Detail of a portable computer

Detail of a portable computer unit showing "Power ISR (Intelligence, Surveillance and Reconnaissance)" technology.IN PICTURES LTD./CORBIS VIA GETTY IMAGES

While some critics portray the humanistic side as soft or imprecise, Guha's work—along with that of many others—shows that these perspectives actually make data science more rigorous and accurate. The idea that a human perspective is the opposite of technical rigor is a false dichotomy (something I'll be talking about more as the keynote speaker at the Women in Data Science (WiDS) Worldwide Conference on March 7). In fact, human-centeredness strengthens our capacity to accurately represent the world around us through data.

Human-centeredness can make data science more rigorous by bringing users and other stakeholders into the process of designing technical tools. Understanding how users think can help us find innovative approaches to presenting data in ways people can more easily understand and use. At the Human Centered Data Science Lab I lead at the University of Washington, we launched the Traffigram project to create more intuitive maps. Rather than showing you how far away a place is in miles, these maps show how long it will take to get there given your location, current traffic and public transit options.

Human-centered data science often integrates quantitative and qualitative methods and computer science and social science approaches. At my lab, we've developed several tools to help social scientists analyze qualitative data like text chats and social media posts. Traditional methods are too time-intensive for organizing and analyzing large amounts of text, but our applications speed up the process using visualization, one of the most effective ways for humans to absorb large amounts of information. These hybrid tools for analyzing conversations have been combined with insights from psychology to study issues like how people collaborate and interact when working remotely by analyzing their chat logs.

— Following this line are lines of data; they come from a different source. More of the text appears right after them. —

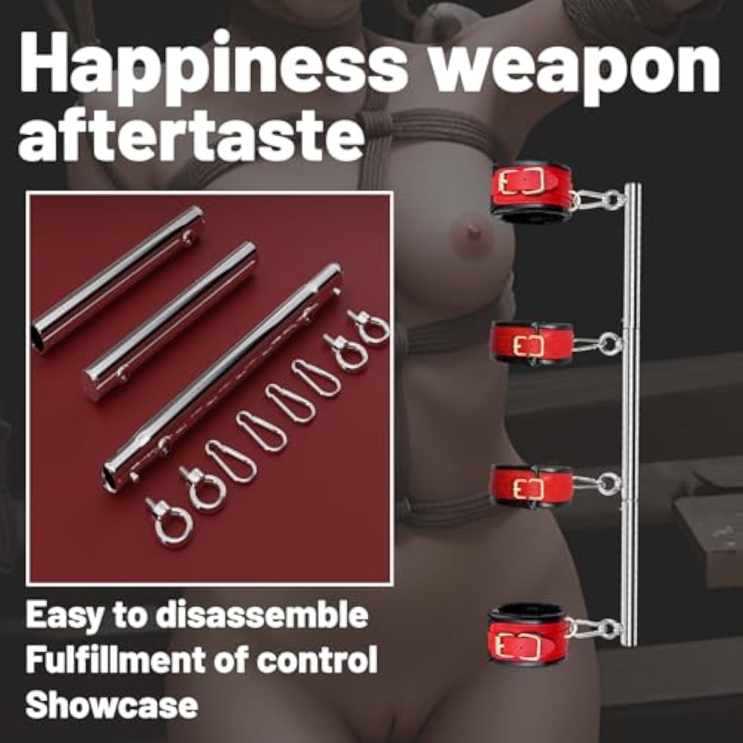 | Versatile Sm Restraint Set: This Sm Bondage Set Includes 2 Handcuffs, 2 Ankle Cuffs, 4 D-Ring Buckles, 4 Screws, And 3 Stainless Steel Rods. | | Secure And Comfortable Restraint Experience: Made Of Stainless Steel, Alloy And High Quality Leather, Safe And Durable. The Restraint Bondage Sex Toy Are Made From Imported High-Density Soft Leather With A Sponge Padded Interior Which Is Sturdy Enough To Avoid Tear. The Handcuffs, Ankle Cuffs, And Neck Collar Provide A Secure Hold While Ensuring Comfort During Various Bondage Positions. | | Adjustable And Detachable: The Versatile Detachable Spreader Bar And Buttons Are Made Of High Quality Stainless Steel Metal, Climbing Latch Design, Which Is Finely Crafted And Sturdy, So You Don'T Have To Worry About Damage. | | Explore The World Of Bdsm: Whether You'Re New To Bondage Or A Seasoned Practitioner, Our Bondage Spreader Bar Provides Endless For Exploration And Pleasure. Experience The Power Of Control As Your Partner Delve Into The World Of Bdsm | | After-Sales And Hidden Packaging: The Product Is Packaged In Privacy, Our Discreet Packaging Is Worry-Free.Please Feel Free To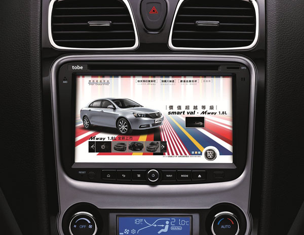 平板電腦搭配無線上網瀏覽已經成為國人日常生活的重心之一,體認消費者需求,tobe 裕隆酷比汽車於 M’way 1.8L率先導入 Wi-Fi聯網式智慧影音系統,大型觸控螢幕提供影音視聽、娛樂外,以 Android 平台開發的Wi-Fi聯網系統,消費者可運用預載的瀏覽器搜尋資料,更可透過預載 Android APP 程式了解即時路況、天氣以及社群網站等生活資訊,M’way 1.8L 不僅滿足您的移動需求,您所需要的全球資訊,也可在“移動生活”中即時掌握。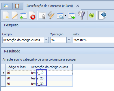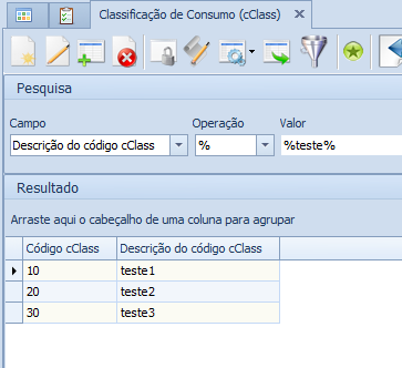 Descrição da Nota: Desenvolvimento da tela `Classificação de Consumo (cClass)' para inclusão e manutenção dos Códigos de Classificação de Consumo.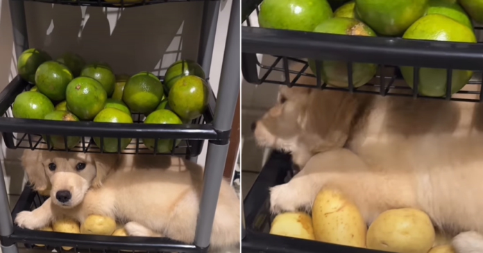 Take a look at this golden retriever puppy who turned a kitchen fruit basket into his nap spot: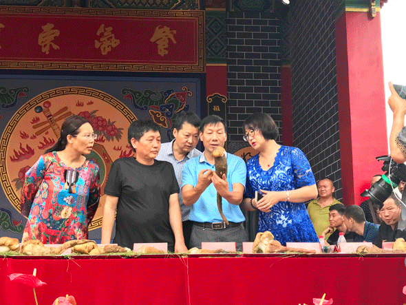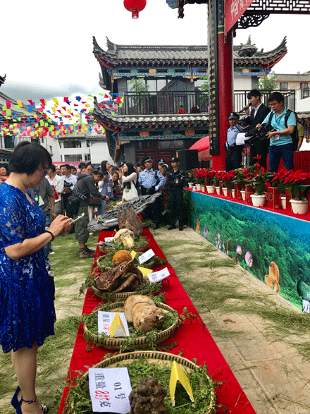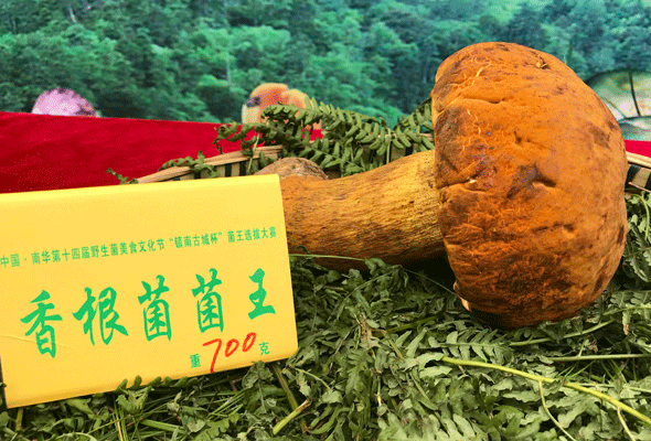 下午5点,南华野生美食文化节“镇南古城杯”菌王选拔大赛落下帷幕。松茸以845克重量荣获菌王,块菌(黑松露)以855克重量荣获菌王,牛肝菌以1130克获得菌王,虎掌菌1935克获得菌王,香根菌以700克7重量获得菌王,杉老苞1380克获得菌王,云芝菌菌王9030克, 灵芝菌菌王8310克,干巴菌菌王710克,鸡枞菌725克荣获菌王。本次菌王选拔大赛选拔菌王标准为重量和新鲜程度,评委介绍今年的菌子和去年相比上了一个大台阶。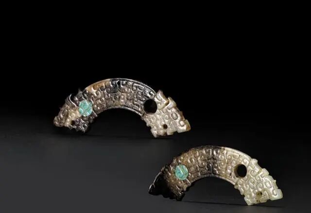 lot 34明代 虎首谷纹玉璜一对 白玉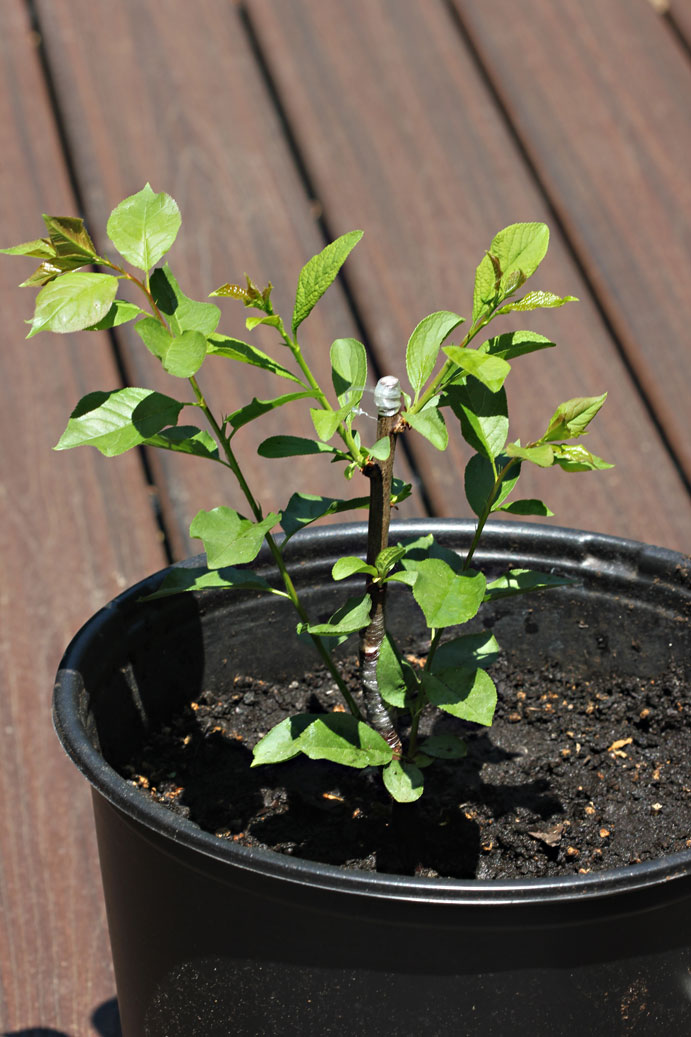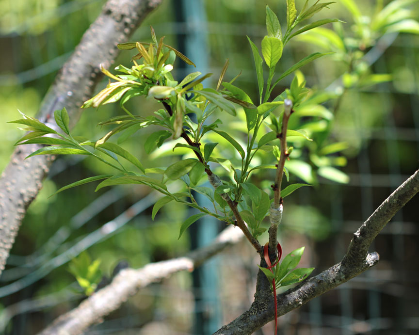 When you guys cut off your in-ground rootstocks there are branches you strip the side shoots off of and leaves and tie it to the rootstock with electrical tape. It’s free, it’s there, convenient, and you’ll make a tree.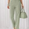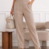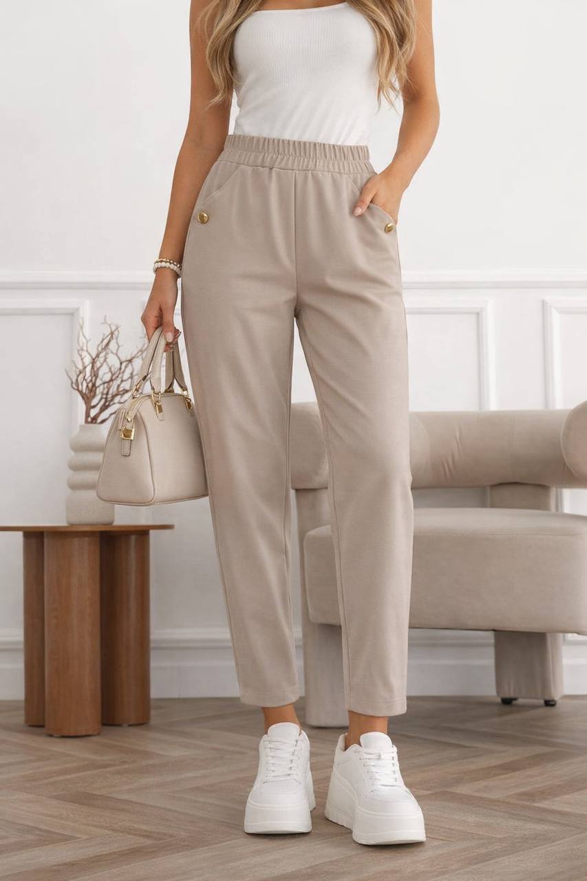 Ez a bézs női nadrág tökéletes választás, ha a kényelmet letisztult, nőies stílussal szeretnéd ötvözni. A gumis derékrész egész napos komfortot biztosít, míg az enyhén szűkülő szár modern és csinos megjelenést ad. Az oldalzsebeknél elhelyezett arany gombos díszítés különleges, elegáns részlettel teszi még stílusosabbá ezt a darabot. Hétköznapi elegáns és alkalmi szettekhez is remek választás.

We urgently need to reimagine what being a good data scientist means and recognize that it's not just about technical skills. Every company that uses data science—which now includes almost all of them—needs to prioritize hiring, promoting and supporting ?-shaped people with training in both technical and social science fields, all the way up to the C-suite. Higher education institutions need to incorporate ethical perspectives and social science training throughout their data science and artificial intelligence curricula. It is increasingly irresponsible, to both students and society at large, not to train the next generation of data scientists to have a nuanced understanding of how their algorithms can impact society.

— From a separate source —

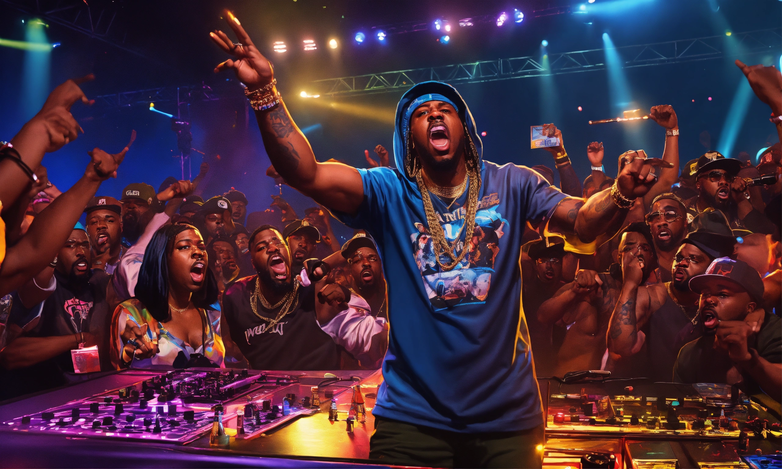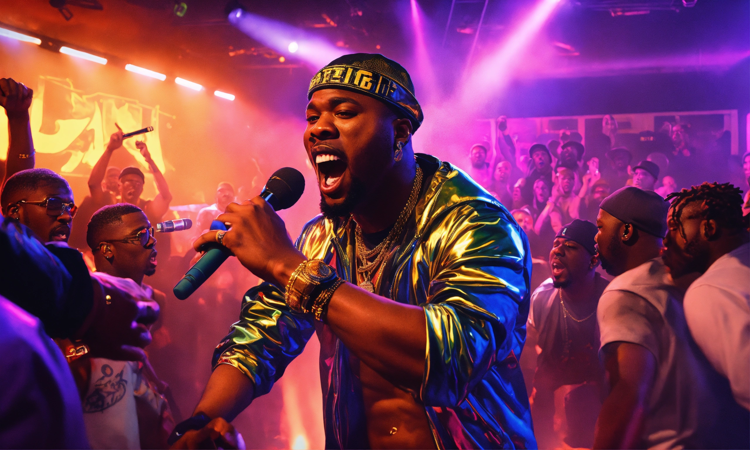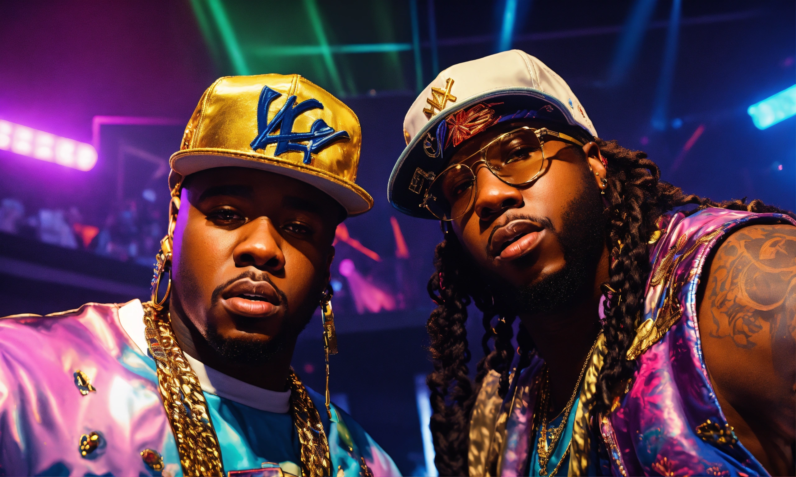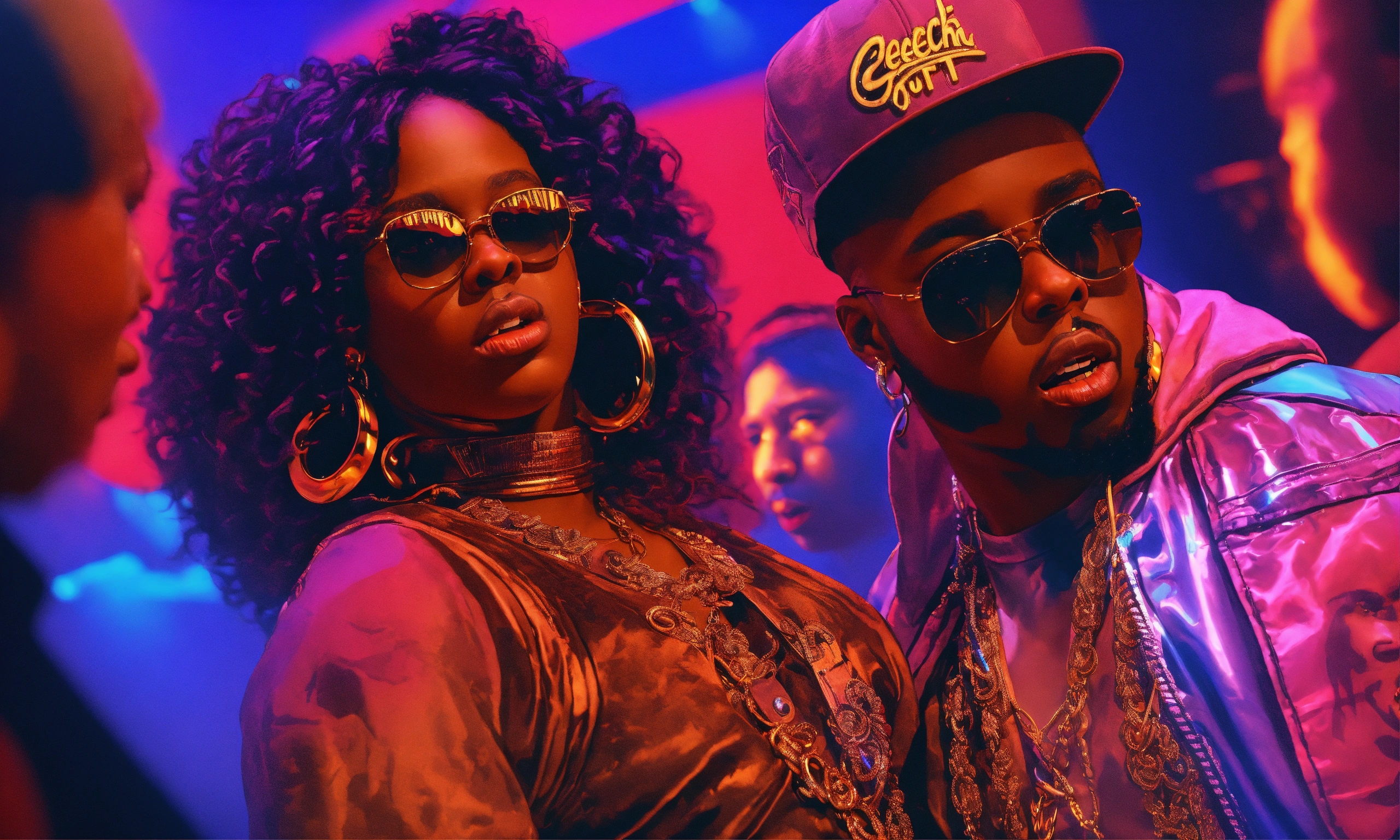 Pop art, hyperrealist portrait of battle rapper "geechi gotti " vs " remy ma" in a url rap battle league battling another rapper on stage cheering in background, fancy interior fantasy art, photo realistic, dynamic lighting, art station, poster, volumetric lighting, very detailed faces, 4 k, award winning

As data science exerts an ever-increasing influence on our lives, the societal consequences will only become more complicated and the stakes higher. Pressure from the public and policymakers to address issues like algorithmic bias and misinformation will continue to grow. Any forward-thinking institution that wants to be competitive in five to 10 years needs to make human-centered data science a priority now.

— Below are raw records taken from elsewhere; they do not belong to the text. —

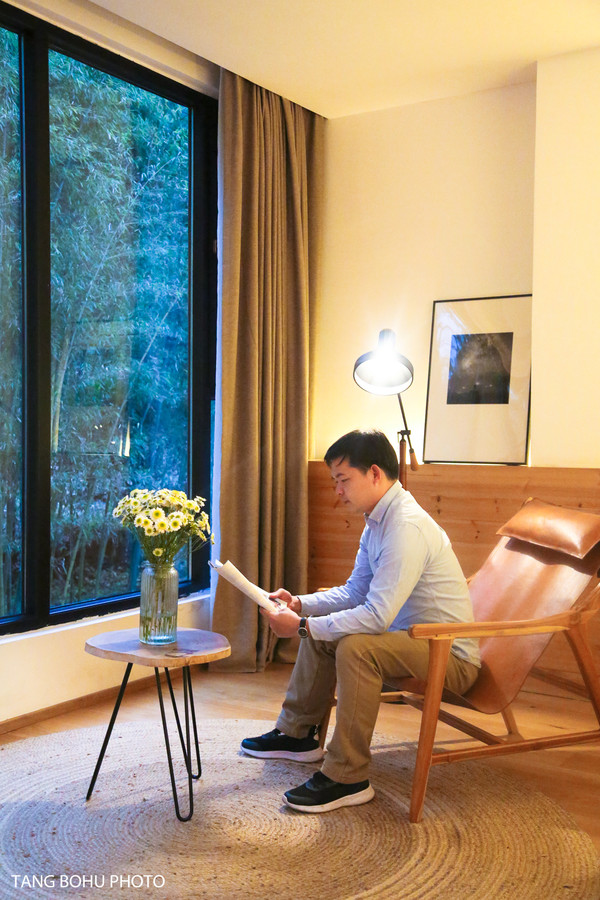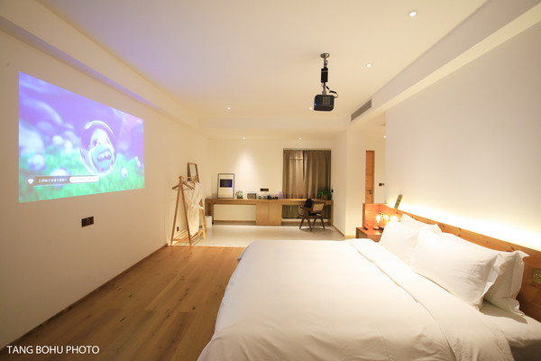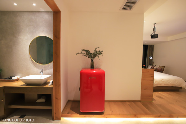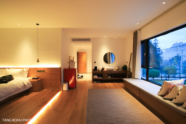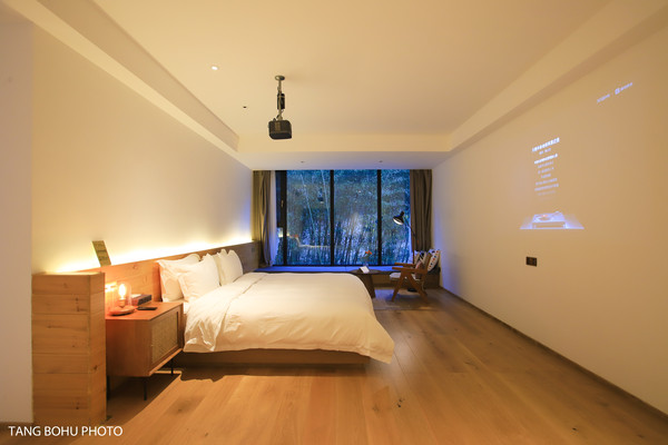 一共有10间房,每一个房间都拥有它的专属名,这次入住的是“竹中”。每个房间都是大大的落地窗,窗外是一整片竹林,冬天的时候这里还会下雪那会就变得更美了。房间的面积都挺大的,原木家具,暖色的灯光给人一种舒适的环境。每一个房间都很容易出片。房间用品都比较好,真皮沙发,原木家具,像马歇尔的音箱,红色的复古冰箱,好用又好拍照。床品也是相当的舒服。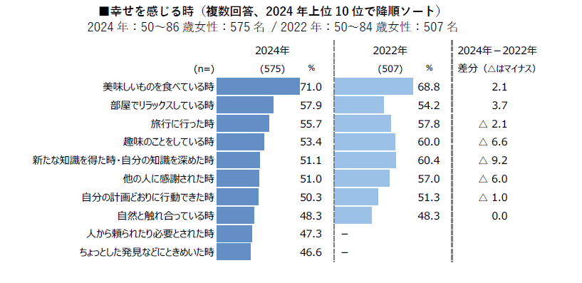 身近で平凡な生活に“幸せ”を見出す傾向が強まっている50代以上女性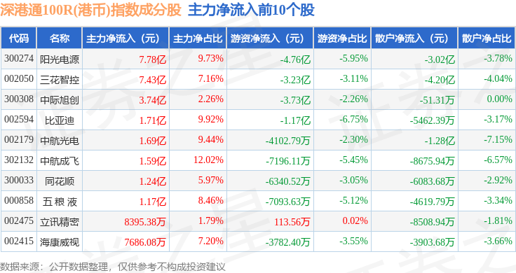 资金流向方面,深港通100R(港币)(483008)指数成份股当日主力资金净流出合计15.69亿元,游资资金净流出合计1.22亿元,散户资金净流入合计16.91亿元。成份股资金流向详情见下表:

Dr. Cecilia Aragon is a professor in the College of Engineering at the University of Washington and director of the university's Human-Centered Data Science Lab. She will deliver the keynote address, "The Rigorous and Human Life of Data," at the Women in Data Science (WiDS) Worldwide Conference happening March 7 at Stanford University and online. Her latest book is Human-Centered Data Science, from MIT Press.

The views expressed in this article are the writer's own.